If the data were in a list, you could use `"\n".join(list)` to create a single string.
### write the string to a new file called "iris-data-clean.csv"

In [23]:
curdir = os.path.abspath('.')
clean2 = os.path.join(curdir, "iris-data-clean.csv")
ffile = open("iris-data-clean.csv", 'w')
ffile.write(final)
ffile.close()

__aprocton:__ I'm not sure that 
```python
curdir = os.path.abspath('.')
clean2 = os.path.join(curdir, "iris-data-clean.csv")
```
was necessary, as you should have already been operating in the directory that this notebook is downloaded in? I'm not sure, but I think you can just use `"./iris-data-clean.csv"` as your output path.

## Notebook 3.4
### A. Write a function that will generate and return a random sequence of bases of length N.

In [24]:
import random
def randseq(x):
    "Return x number of random bases"
    bases=["A","T","G","C"]
    return random.choices(bases,k=x)

# testing
randseq(10)

['G', 'T', 'T', 'T', 'T', 'G', 'A', 'A', 'G', 'C']

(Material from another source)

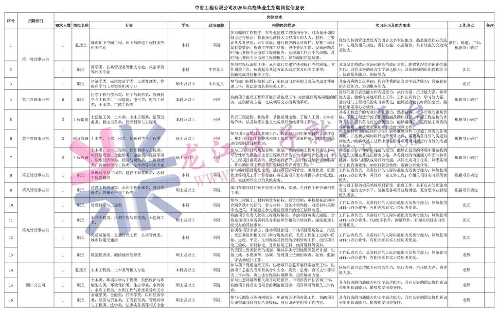 经过30余年的不懈努力,我们积累了丰富的工程管理经验,为各类工程建设项目保驾护航,“中咨管理”品牌成为行业的一面旗帜。我们崇尚简单、包容、共享的哲学理念,秉持创造价值、贡献社会的使命和专业创造精品、价值成就客户的核心价值观,为成为全过程工程管理咨询的领先者而奋斗。优秀的你值得更好的平台,加入我们,携手共创新篇章!

__aprocton:__ I used `random.choice()` instead of `random.choices()`, which would have made my code much simpler.

### B. Write a function to calculate and return the frequency of As, Cs, Ts and Gs in a sequence.

In [25]:
def freqATGC(x):
    "Count number of occurrences of each nucleotide (A,T,G,C, in that order) and divide by the total length of the sequence to get the frequency"
    countA=x.count("A")
    countT=x.count("T")
    countG=x.count("G")
    countC=x.count("C")
    bases=["A","T","G","C"]
    return (countA/(len(x)),countT/(len(x)),countG/(len(x)),countC/(len(x)))

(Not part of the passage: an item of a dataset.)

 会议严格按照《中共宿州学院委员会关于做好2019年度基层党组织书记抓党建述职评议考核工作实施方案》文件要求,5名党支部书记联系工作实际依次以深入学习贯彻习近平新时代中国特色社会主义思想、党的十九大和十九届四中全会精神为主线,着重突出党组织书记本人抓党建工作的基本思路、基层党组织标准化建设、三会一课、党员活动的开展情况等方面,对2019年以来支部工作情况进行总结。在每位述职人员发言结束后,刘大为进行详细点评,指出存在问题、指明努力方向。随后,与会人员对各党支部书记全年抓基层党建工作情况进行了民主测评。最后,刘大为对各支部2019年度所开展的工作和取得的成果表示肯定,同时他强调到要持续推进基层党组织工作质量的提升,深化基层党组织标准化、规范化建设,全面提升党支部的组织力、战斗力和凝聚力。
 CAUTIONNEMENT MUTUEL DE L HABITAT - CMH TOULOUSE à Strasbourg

__aprocton:__ Interesting that you decided to return the frequencies as a tuple. My code included an "other" option in case there are errors in the sequency, but did not use `count()`.
### C. Write a function to concatenate (join end-to-end) two sequences and return it

In [26]:
def comboseq(seq1, seq2):
    "Concatenate two sequences into a single sequence"
    return seq1 + seq2

__aprocton:__ I chose to use an `if` statement to check if both sequences were strings and return an error if not.

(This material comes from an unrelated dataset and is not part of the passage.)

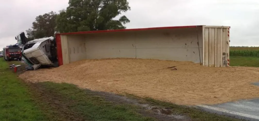 El siniestro se registró en las cercanías de la Estancia San José, a unos tres kilómetros al oeste del cruce con la Ruta Provincial 1. Según las primeras informaciones, el camión de la empresa «TyS Transporte», que transportaba arena, se despistó mientras circulaba en dirección este-oeste, desde Entre Ríos hacia Añelo, Neuquén. Testigos del hecho señalaron que el vehículo perdió el control y, al intentar retomarlo, volcó.

### D. Write a function to take two sequences of different lengths and return both trimmed down to be the same length.

In [27]:
def trim(seq1, seq2):
    "Returns seq1 and seq2 trimmed to the length of the shortest sequence"
    ## finding the length of the shortest sequence
    slen = min([len(i) for i in (seq1, seq2)])
    return ((seq1[0:slen]),(seq2[0:slen]))

__aprocton:__ I did not use `min()`, which necessitated the use of an `if-elif` ladder.

### E. Write a function to return the proportion of bases across the shared length between two sequences that are the same.

In [30]:
def prop(seq1, seq2):
    "return the proportion of similarity between two trimmed sequences"
    ## a counter to store the number of similarities
    count = 0    
    ## finding the length of the shortest sequence
    slen = min([len(i) for i in (seq1, seq2)])
    ## trimming each sequence to the length of the shortest
    seq1=str(seq1[0:slen])
    seq2=str(seq2[0:slen])
    
    ## modified from example; count shared bases from trimmed sequences and then return the 
    ## count divided by the total number of bases
    for idx in range(slen):
        if seq1[idx] == seq2[idx]:
            count += 1
    return (count)/(len(seq2))

__aprocton:__ You could have called the `trim()` function you wrote in the previous cell to find `slen`.